To facilitate the adoption of rUSD as a trusted stablecoin outside of the ReSource trading network, reserved rUSD, SOURCE, and other forms of equity capital are utilized to establish rUSD:cUSD liquidity pools. The following arbitrage mechanism then ensures the 1:1 peg of the trading pair.

In short, the Reserve utilizes its SOURCE income to offer 1 cUSD worth of SOURCE against one unit of rUSD at all times. This creates an arbitrage opportunity in case that the price of rUSD drops below 1 cUSD on the open market. Vice versa, in the event that the rUSD price rises above that of cUSD, network members are incentivised to deepen their debt positions and use the so created rUSD to purchase cUSD, driving the rUSD price down towards the pegging target.

The rUSD accumulated within the Reserve following this process can then be either directly sold to network members seeking to close their debt positions, or alternatively, to third parties in the form of Gift Cards which can then purchase goods and services from network members.

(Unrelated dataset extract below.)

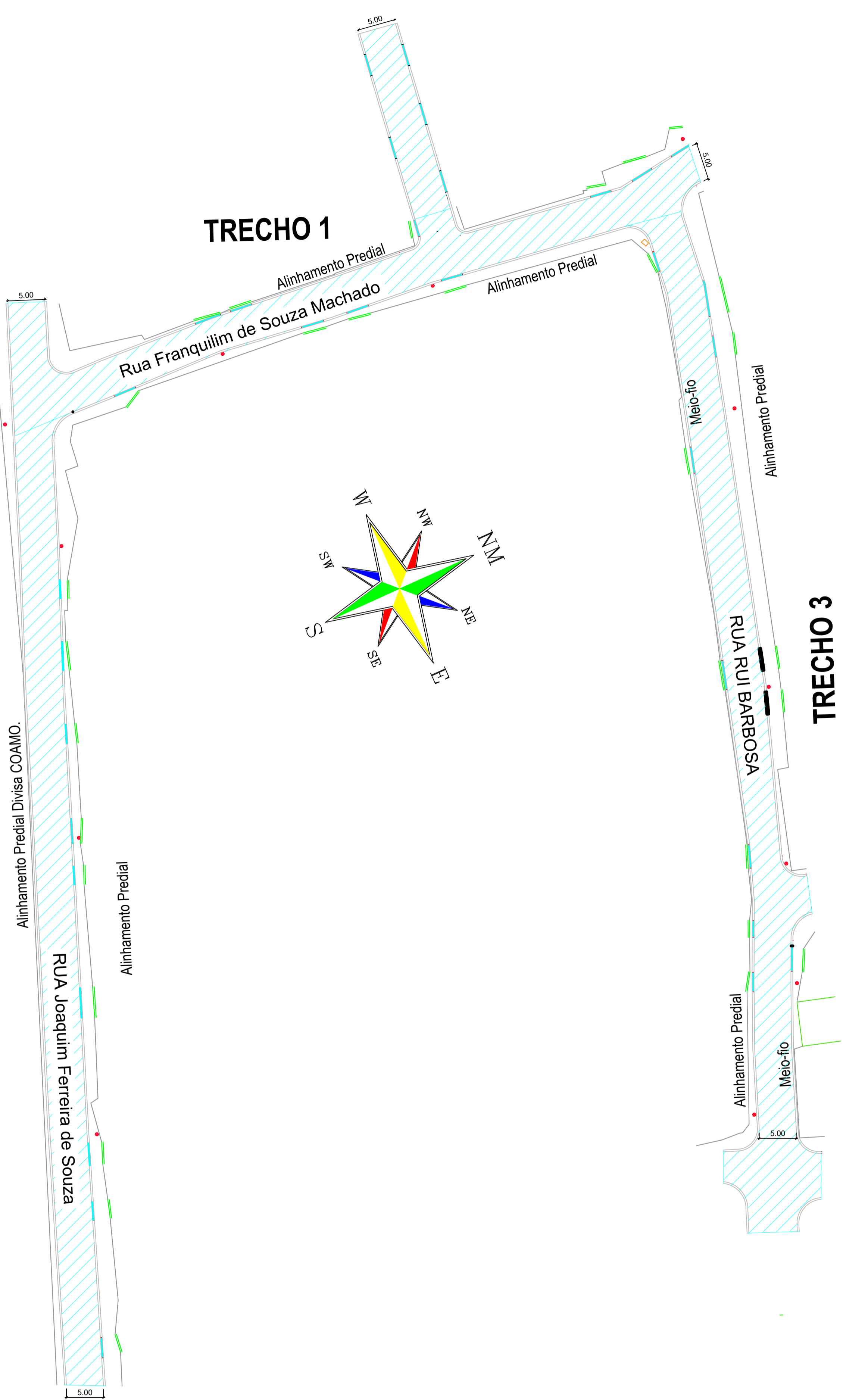
Planta da Pavimentação Asfáltica Escala 1:500

It should be noted that the overall rUSD supply is tightly correlated with the size and trading volume of the ReSource Network. The higher the demand for ReSource credit lines, the greater the amount of rUSD minted into existence. On the other hand, being a result of network fee payments, the amount of reserved SOURCE is likewise tightly correlated with the same metrics. This, in conjunction with the fact that all circulating rUSD experience buy pressures exercised by rUSD debtors, fortifies the above mentioned pegging mechanism while limiting the publicly available supply of rUSD within margins carrierable by the ReSource trading network.